In addition, a measure of chronic, or cumulative, use of corporal punishment was included in the final two models of the study. To do so, a scale was created using the three measures of corporal punishment described above. The scores of the corporal punishment measures across Waves 1, 3, and 4 were summed together to create a chronic corporal punishment scale. Higher scores on the scale indicated longer use of corporal punishment as a means of discipline (α = .60).
Caregiver Behavioral Risk Factors
Five variables—all drawn from Wave 1—were included that measure the behavioral risk of the caregiver to use corporal punishment. First, the arrest history of the caregiver was coded as a dichotomous variable, such that 0 = never arrested and 1 = arrested at least once. Second, using the World Health Organization composite internal diagnostic interviewer short-form (Composite International Diagnostic Interview Short Form [CIDI-SF]), whether the caregiver was alcohol-dependent was also included in the models as a dichotomous variable where 0 = not alcohol dependent, 1 = alcohol dependent (Kessler et al., 1998). Third, whether the caregiver was drug dependent was included as a dichotomous variable where 0 = not drug dependent and 1 = drug dependent. Fourth, the CIDI-SF was used to measure whether the caregiver displayed symptoms of major depression. The measure was included as a dichotomous variable where 0 = not depressed, 1 = depressed. Fifth, the Physical Violence scale of the Revised Conflict Tactics Scale 2 was used to measure incidence of domestic violence against the caregiver the past year reported by the caregiver (Straus et al., 1996). Domestic violence was included as an index containing nine items. The measure was added together then coded dichotomously such that 0 = did not experience domestic violence in the past year, 1 = experienced domestic violence in the past year.

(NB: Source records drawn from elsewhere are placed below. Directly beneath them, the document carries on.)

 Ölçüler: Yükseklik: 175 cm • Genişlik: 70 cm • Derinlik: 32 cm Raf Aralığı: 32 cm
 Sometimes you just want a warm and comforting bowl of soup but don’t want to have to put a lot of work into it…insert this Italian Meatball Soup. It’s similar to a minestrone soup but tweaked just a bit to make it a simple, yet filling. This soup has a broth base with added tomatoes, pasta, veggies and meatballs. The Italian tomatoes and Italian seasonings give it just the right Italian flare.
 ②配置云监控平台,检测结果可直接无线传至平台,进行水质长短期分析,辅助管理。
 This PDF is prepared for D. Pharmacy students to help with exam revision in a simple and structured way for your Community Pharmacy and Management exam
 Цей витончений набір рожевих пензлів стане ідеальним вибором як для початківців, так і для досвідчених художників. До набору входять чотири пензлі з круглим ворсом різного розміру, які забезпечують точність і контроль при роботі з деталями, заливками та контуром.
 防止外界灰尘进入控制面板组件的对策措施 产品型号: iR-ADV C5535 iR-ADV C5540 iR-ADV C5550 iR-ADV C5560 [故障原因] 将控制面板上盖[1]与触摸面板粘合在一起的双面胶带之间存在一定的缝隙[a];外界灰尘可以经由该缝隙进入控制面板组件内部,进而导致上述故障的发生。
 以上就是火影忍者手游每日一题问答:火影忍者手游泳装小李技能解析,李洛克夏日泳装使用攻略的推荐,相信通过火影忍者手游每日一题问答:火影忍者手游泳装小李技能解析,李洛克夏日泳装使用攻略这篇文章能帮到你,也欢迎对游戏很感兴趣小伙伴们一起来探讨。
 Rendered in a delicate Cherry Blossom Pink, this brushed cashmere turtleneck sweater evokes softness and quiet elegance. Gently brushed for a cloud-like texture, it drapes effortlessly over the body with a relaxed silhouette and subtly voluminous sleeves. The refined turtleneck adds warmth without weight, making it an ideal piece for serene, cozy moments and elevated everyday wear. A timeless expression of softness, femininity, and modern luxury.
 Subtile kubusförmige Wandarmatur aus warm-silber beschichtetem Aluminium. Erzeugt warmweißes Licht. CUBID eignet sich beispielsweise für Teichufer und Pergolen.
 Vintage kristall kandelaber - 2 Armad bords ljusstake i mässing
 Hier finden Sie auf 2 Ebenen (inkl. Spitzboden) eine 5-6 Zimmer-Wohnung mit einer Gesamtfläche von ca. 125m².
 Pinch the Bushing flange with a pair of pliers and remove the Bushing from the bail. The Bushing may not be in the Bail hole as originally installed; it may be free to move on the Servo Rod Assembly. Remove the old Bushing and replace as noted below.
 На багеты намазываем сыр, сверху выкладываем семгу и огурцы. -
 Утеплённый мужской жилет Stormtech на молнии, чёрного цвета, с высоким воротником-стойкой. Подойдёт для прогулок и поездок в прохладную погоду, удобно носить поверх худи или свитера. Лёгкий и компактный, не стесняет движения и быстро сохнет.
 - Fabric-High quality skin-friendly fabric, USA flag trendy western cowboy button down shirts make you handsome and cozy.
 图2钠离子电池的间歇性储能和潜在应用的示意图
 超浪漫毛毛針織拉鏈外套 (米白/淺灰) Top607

Caregiver Demographic and Background Characteristics
Five caregiver demographic and background characteristic variables drawn from Wave 1 were included in the models. First, the highest level of education of the caregiver was measured through self-reports and a three-category coding scheme wherein 0 = none, 1 = high school, and 2 = higher education. The measure was then included in the model through a series of dummy variables wherein “None” was the omitted, reference category. Second, the marital status of the caregiver was included in the model as a single item coded as 0 = not married, 1 = married as self-reported by the caregiver. Third, economic hardship was an index containing five items reported by the caregiver. These items measured whether a family member received benefits from Aid to Families with Dependent Children (AFDC), Women, Infants, and Children (WIC), food stamps, among other organizations. The items were summed together then coded dichotomously, such that 0 = does not receive and 1 = does receive financial support. Fourth, caregiver age was a single item that was self-reported and coded so that 1 = < 35 years, 2 = 35–44 years, 3 = 45–54 years, and 4 = > 54 years. Fifth, race of the caregiver was measured through a three-category coding scheme—White, Black, and Other. The measure was then added to the models through a series of dummy variables with “Other” race as the omitted, reference category.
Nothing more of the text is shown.